What is needed: Apart from the pictures, write out all the records exactly.

Extracted data entries:
* * * * * * * * *
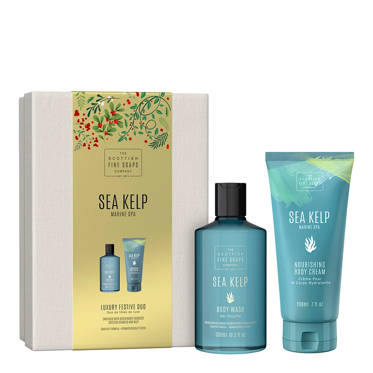 A luxurious, marine-scented duo enriched with sustainably sourced seaweed and kelp extract, presented in a luxurious gift box.Â
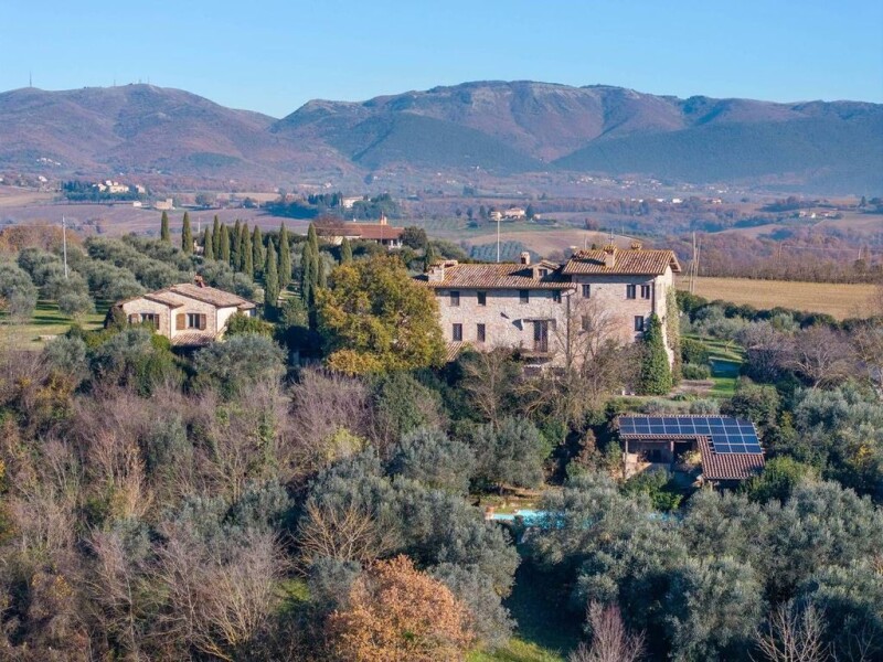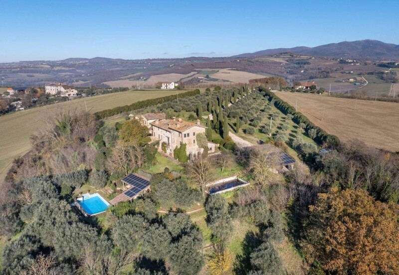 Enchanting property compendium with a breathtaking view of Todi, consisting of a charming farmhouse dating back to 1200, an independent guest house and a 1.6-hectare fenced plot of land, enriched by 200 centuries-old olive trees. This splendid corner of paradise represents the perfect synthesis of history, comfort and nature. The main farmhouse, reconsolidated in 2001, is on three levels and has been carefully maintained, preserving all the original elements, such as the wooden beams and terracotta tiles. On the ground floor, there is a cozy living area with two large living rooms, a central fireplace, a spacious kitchen and a service bathroom. On the first floor are two large bedrooms, each with en-suite bathroom, an elegant study, a living room and a panoramic terrace from which one can admire the surrounding landscape. The second floor houses two master bedrooms, both with walk-in closets and generously sized private bathrooms, offering exclusive comfort. Completing the property is a guest house built in 2006, offering a lounge with kitchen, two bedrooms and a bathroom, perfect for accommodating guests in total privacy. A covered garage with storage room, two cisterns for collecting rainwater and a 6x12-metre swimming pool (in need of equipment renewal) enrich this charming property. The location is ideal: immersed in the tranquillity of the umbrian hills, the property is only 2 km from the famous sanctuary of Collevalenza and 7 km from the historic centre of Todi. It is easily accessed via an asphalted communal road, while all the main services are only a 2-minute drive away. A unique opportunity to live in a corner of serenity, where the beauty of the umbrian countryside meets the historicity of an unrivalled farmhouse.
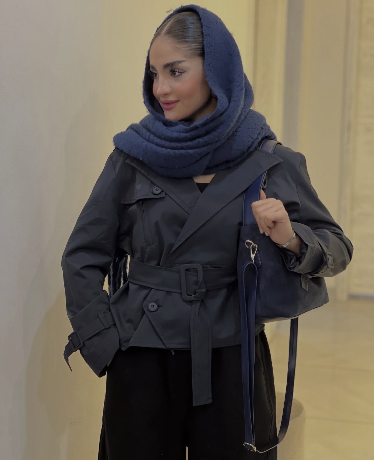 کت زنانه بهاره آستر دار کتون زارا سورمه ای مدل انگلیسی پشت پیله
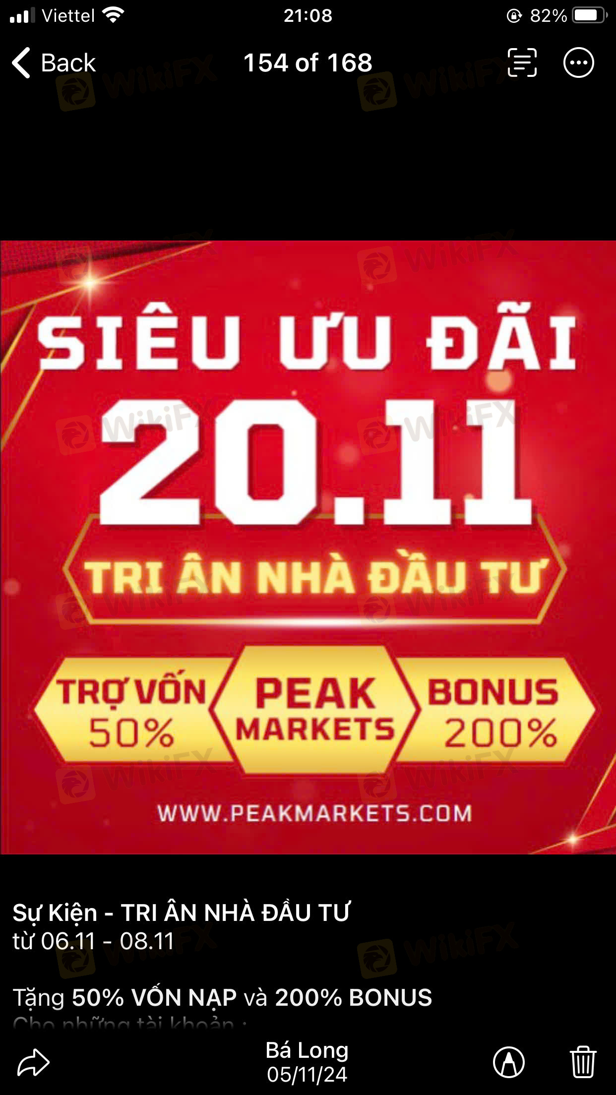 Tôi đầu tư sàn peak markets, người hỗ trợ tên Bá Long. Bạn này báo lỗi cổng nạp tiền, muốn nạp thì thông qua bạn ấy, tôi có gửi bạn ấy nạp 1000$ và hưởng bonus 500$ cộng vào tài khoản, nhưng khi tôi rút thì không nhận được khoản tiền 1500$ kia đâu. Khi tôi nhắn tin, gọi điện để xin lại số tiền kia thì Bá Long không trả lời, xóa lịch sử và chặn. Mọi người tránh xa sàn không uy tín, nhân viên hỗ trợ ăn chặn tiền của khách này nhé!
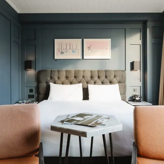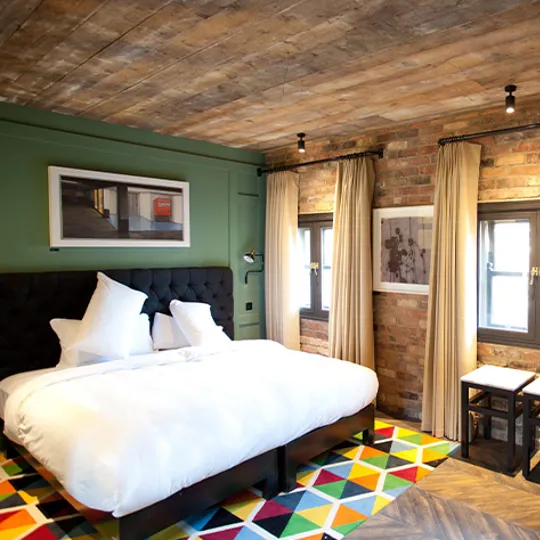Get some breathing room. The Corner Large offers double or twin beds and dual-aspect windows framing the city. Spacious, sunlit and full of character. Sleeps two.
* * * * * * * * *
Finished task:
 A luxurious, marine-scented duo enriched with sustainably sourced seaweed and kelp extract, presented in a luxurious gift box.Â
 Enchanting property compendium with a breathtaking view of Todi, consisting of a charming farmhouse dating back to 1200, an independent guest house and a 1.6-hectare fenced plot of land, enriched by 200 centuries-old olive trees. This splendid corner of paradise represents the perfect synthesis of history, comfort and nature. The main farmhouse, reconsolidated in 2001, is on three levels and has been carefully maintained, preserving all the original elements, such as the wooden beams and terracotta tiles. On the ground floor, there is a cozy living area with two large living rooms, a central fireplace, a spacious kitchen and a service bathroom. On the first floor are two large bedrooms, each with en-suite bathroom, an elegant study, a living room and a panoramic terrace from which one can admire the surrounding landscape. The second floor houses two master bedrooms, both with walk-in closets and generously sized private bathrooms, offering exclusive comfort. Completing the property is a guest house built in 2006, offering a lounge with kitchen, two bedrooms and a bathroom, perfect for accommodating guests in total privacy. A covered garage with storage room, two cisterns for collecting rainwater and a 6x12-metre swimming pool (in need of equipment renewal) enrich this charming property. The location is ideal: immersed in the tranquillity of the umbrian hills, the property is only 2 km from the famous sanctuary of Collevalenza and 7 km from the historic centre of Todi. It is easily accessed via an asphalted communal road, while all the main services are only a 2-minute drive away. A unique opportunity to live in a corner of serenity, where the beauty of the umbrian countryside meets the historicity of an unrivalled farmhouse.
 کت زنانه بهاره آستر دار کتون زارا سورمه ای مدل انگلیسی پشت پیله
 Tôi đầu tư sàn peak markets, người hỗ trợ tên Bá Long. Bạn này báo lỗi cổng nạp tiền, muốn nạp thì thông qua bạn ấy, tôi có gửi bạn ấy nạp 1000$ và hưởng bonus 500$ cộng vào tài khoản, nhưng khi tôi rút thì không nhận được khoản tiền 1500$ kia đâu. Khi tôi nhắn tin, gọi điện để xin lại số tiền kia thì Bá Long không trả lời, xóa lịch sử và chặn. Mọi người tránh xa sàn không uy tín, nhân viên hỗ trợ ăn chặn tiền của khách này nhé!
Get some breathing room. The Corner Large offers double or twin beds and dual-aspect windows framing the city. Spacious, sunlit and full of character. Sleeps two.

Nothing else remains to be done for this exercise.